Yeager sighed and examined the manacles, running his hands over the device and getting a feel for it’s operation. He examined the locking mechanism, and the strange mass of electronics bolted onto it.

“You already know they’re for suppressing powers I assume?”

The two men suits nodded.

“There’s something weird about these. They’re not DVA issue. They’ve only got a few tech geniuses and engineers working for them, and I know their work. This thing’s vicious too, and the DVA techs wouldn’t create something like this. It’s got the collar and wrist and ankle restraints like you’d normally see, and it can detect when someone starts activating their power, but it’s designed to kill the super, and do it slow and painful too.

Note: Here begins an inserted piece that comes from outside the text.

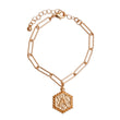Gold Metal Paperclip Link Chain Bracelet Featuring Textured Hexagon A Initial Charm. Charm measures .75 inches

It’ll try ramming these blades into the throat and wrists and run a lot of juice through them. Only when that failed would the explosive charges go off.”

“Could anyone use them?” Mister Summer asked.

“If they knew the code to enter into the number pad here. I can’t help you with that one though.”

“Can’t or won’t?” Threatened Mister Stitch.

“Can’t.”

“That’s fine,” said Mister Summer. “We didn’t get a detailed rundown of your abilities, though we know most of your history. Now what can you tell us about these?”

Mister Summer pushed over the folder with a huge hand. Yeager opened it to find a series of pictures. Some were aerial pictures, and some were close up photos of a huge machine cobbled together out of what looked like appliances and auto parts. Yeager had only the vaguest idea of what he was looking at.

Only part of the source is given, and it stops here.